In practice, since the `measurements` and `theta_radians` are contained in flatbuffer-serialized binary data, those
will be stored in a single parquet column with type `BYTE_ARRAY` (arbitrarily long byte arrays).

## Arrow and Parquet Relationship

3 Part series from Arrow project on relationship:

1. [Part 1](https://arrow.apache.org/blog/2022/10/05/arrow-parquet-encoding-part-1/)
2. [Part 2](https://arrow.apache.org/blog/2022/10/08/arrow-parquet-encoding-part-2/)
3. [Part 3](https://arrow.apache.org/blog/2022/10/17/arrow-parquet-encoding-part-3/)

## Arrow <-> Rust Struct Conversion

[Derive macro that supports arrow2](https://github.com/DataEngineeringLabs/arrow2-convert)

## Flatbuffer Reflection

We can use the flatbuffer intermediate representation to programatically access the structure of a flatbuffer.
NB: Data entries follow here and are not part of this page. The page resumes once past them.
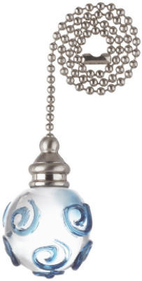 12", Nickel Beaded Pull Chain, Clear Orb With Blue Curly Cues. vendor ID: 17269 Price/Unit: 9.69EA model: 77621
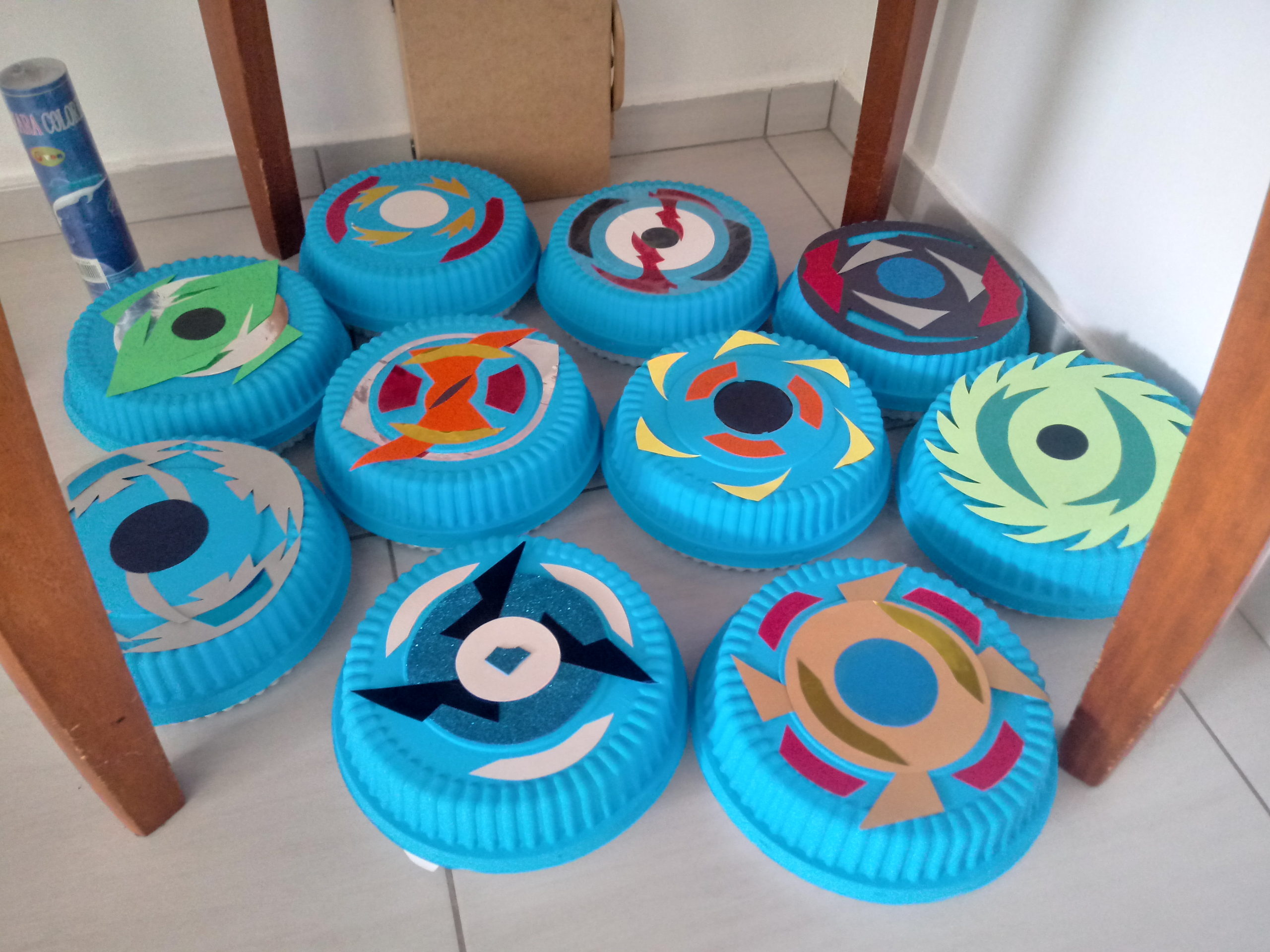 Beyblade com embalagem plástica e pipoca em garrafa pet
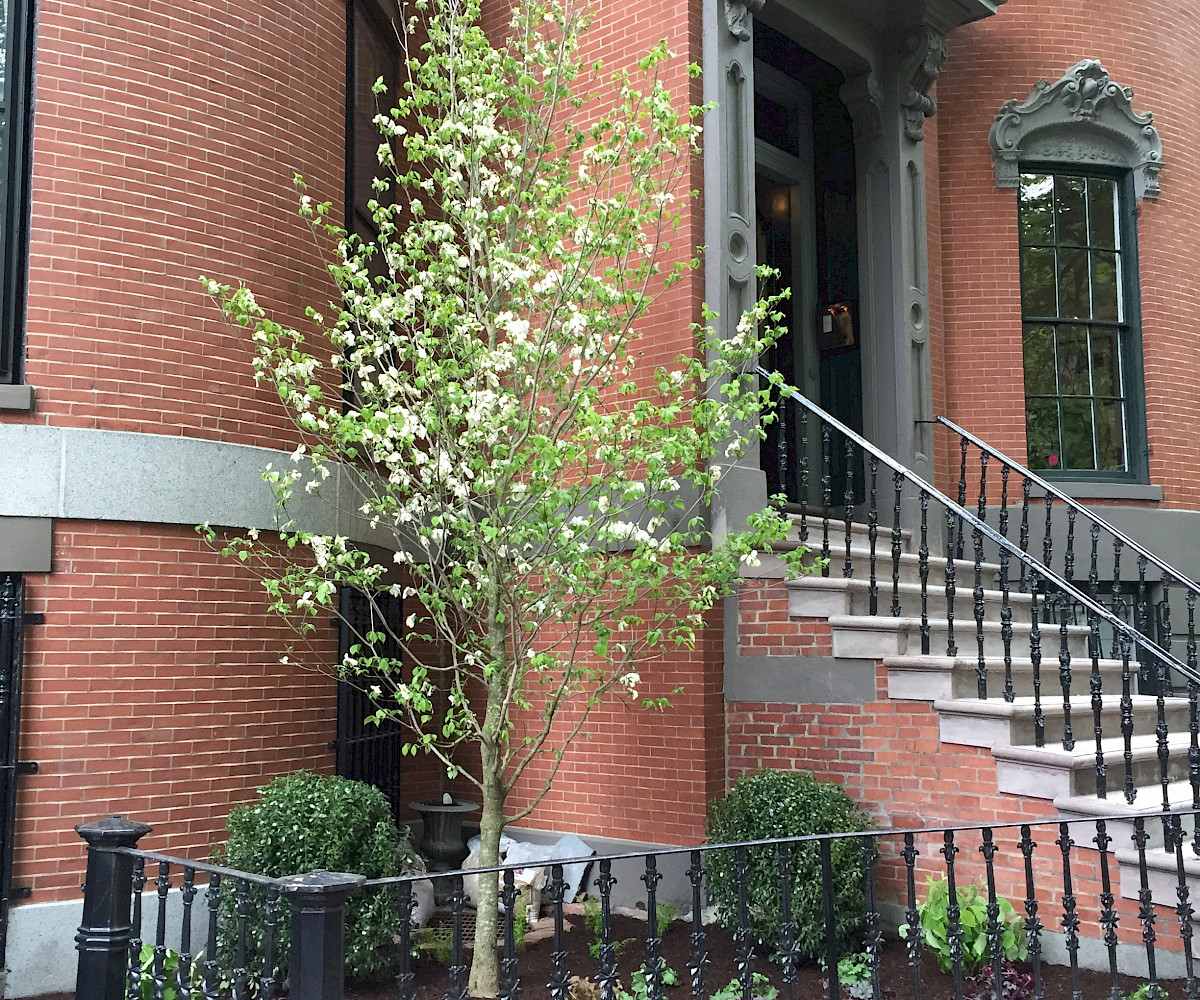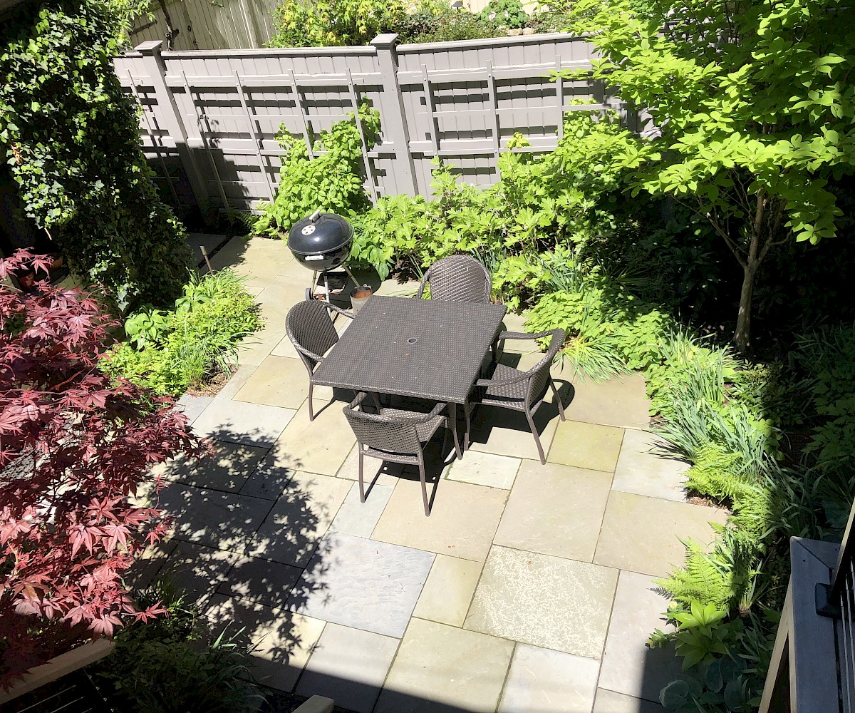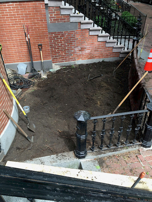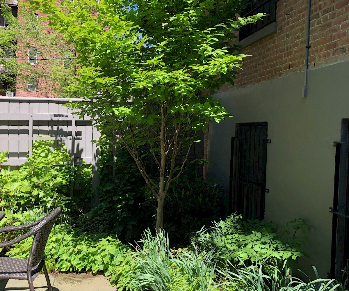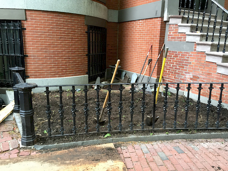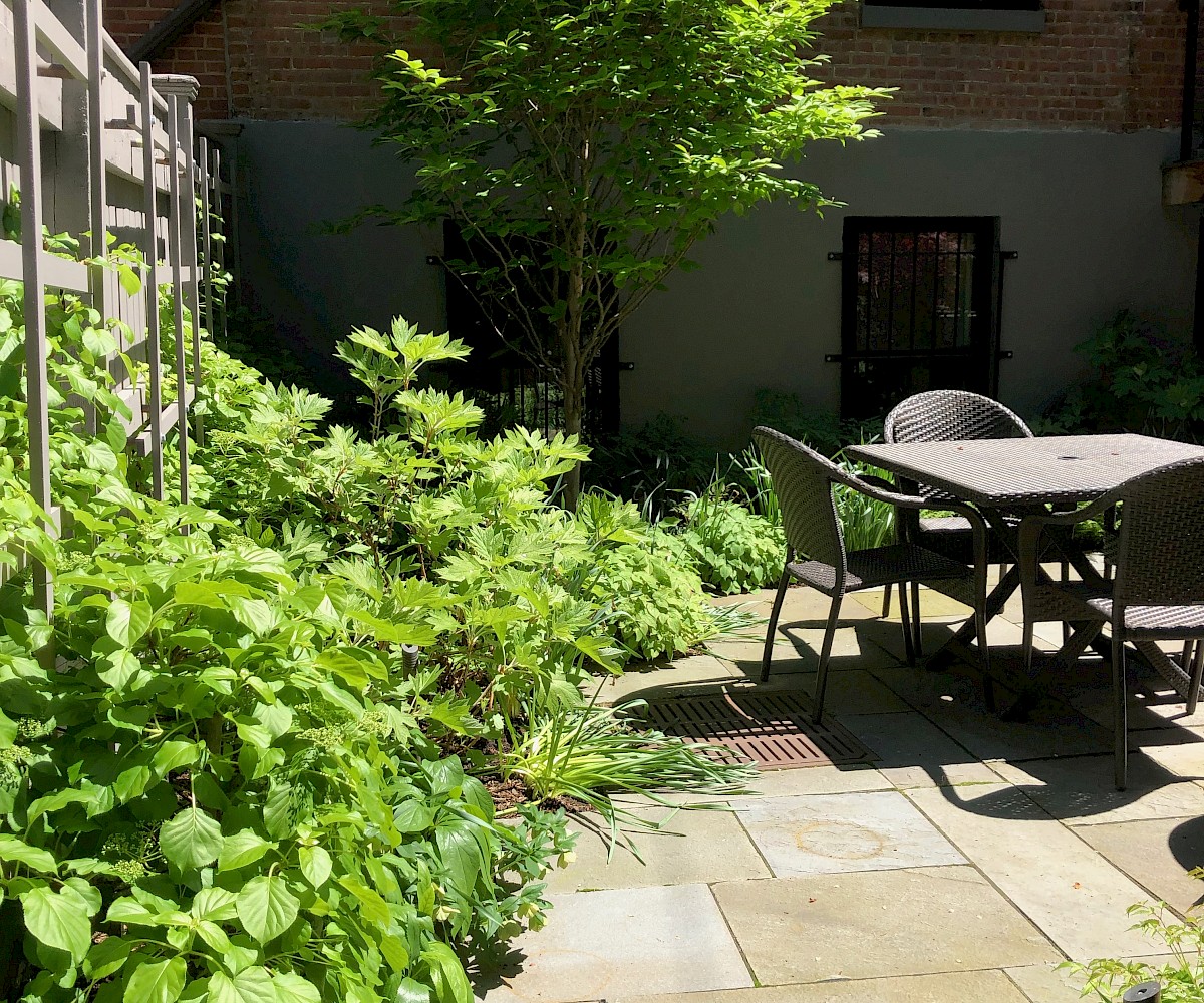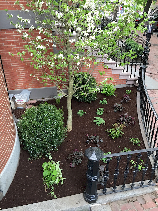 A small sized garden space adds a needed touch of green to this South Boston residence.
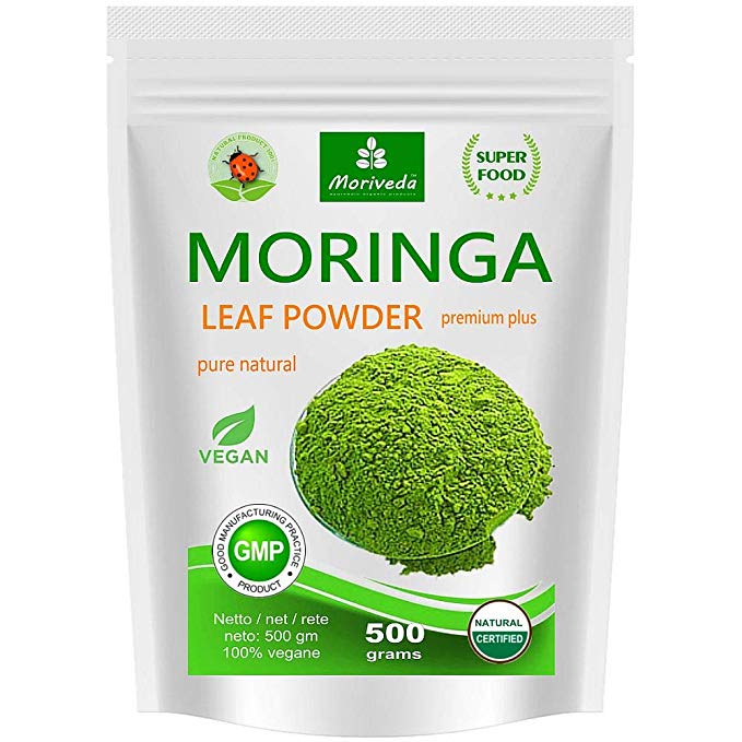 Otra forma muy común de consumir la moringa es el polvo, de forma que puedes añadirla a tus batidos o zumos diarios y consumirla de una forma natural. Este polvo está compuesto 100% de hoja de Moringa triturada y es completamente vegano y sin gluten. El envase tiene cierre hermético y contiene 500 gr.

This feature is documented [here](https://google.github.io/flatbuffers/intermediate_representation.html); [this](https://jorenjoestar.github.io/post/flatbuffers_reflection_data_driven_rendering/) is one of the few articles explaining how to use this feature.

A method for building a binary flatbuffer (`.bfbs`) from a schema and reading it in using the [reflection.fbs](https://github.com/google/flatbuffers/blob/master/reflection/reflection.fbs) schema. This allows us to extract the actual structure of the flatbuffer and should make it possible to generate arrow + parquet serialization code just given a Flatbuffer idl.

In practice, this requires the following steps:

1. Generate the binary representation of the flatbuffer schema (encoded according to `reflection.fbs`):

- Change to an example sensor flatbuffer directory from the [opensensor](https://github.com/opensensordotdev/opensensor) repository: `cd opensensor/crates/sensor_simple/flatbuffers`
- `flatc --schema --binary --bfbs-comments simple.fbs`. `--bfbs-comments` includes comments in the binary flatbuffer, which can be used to auto-comment generated Arrow + Parquet code
- This will generate `simple.bfbs`

2. Generate Flatbuffer binding code to read a flatbuffer that's been encoded according to `reflection.fbs`

- The OpenSensor library will automatically do this for Rust through the build script (see `opensensor-rs/src/reflection_generated.rs`)
- You can manually do this by navigating to the directory that contains `reflection.fbs` and execute the `flatc` command to generate code for your language of choice: `flatc --rust reflection.fbs`, `flatc --python reflection.fbs`, etc.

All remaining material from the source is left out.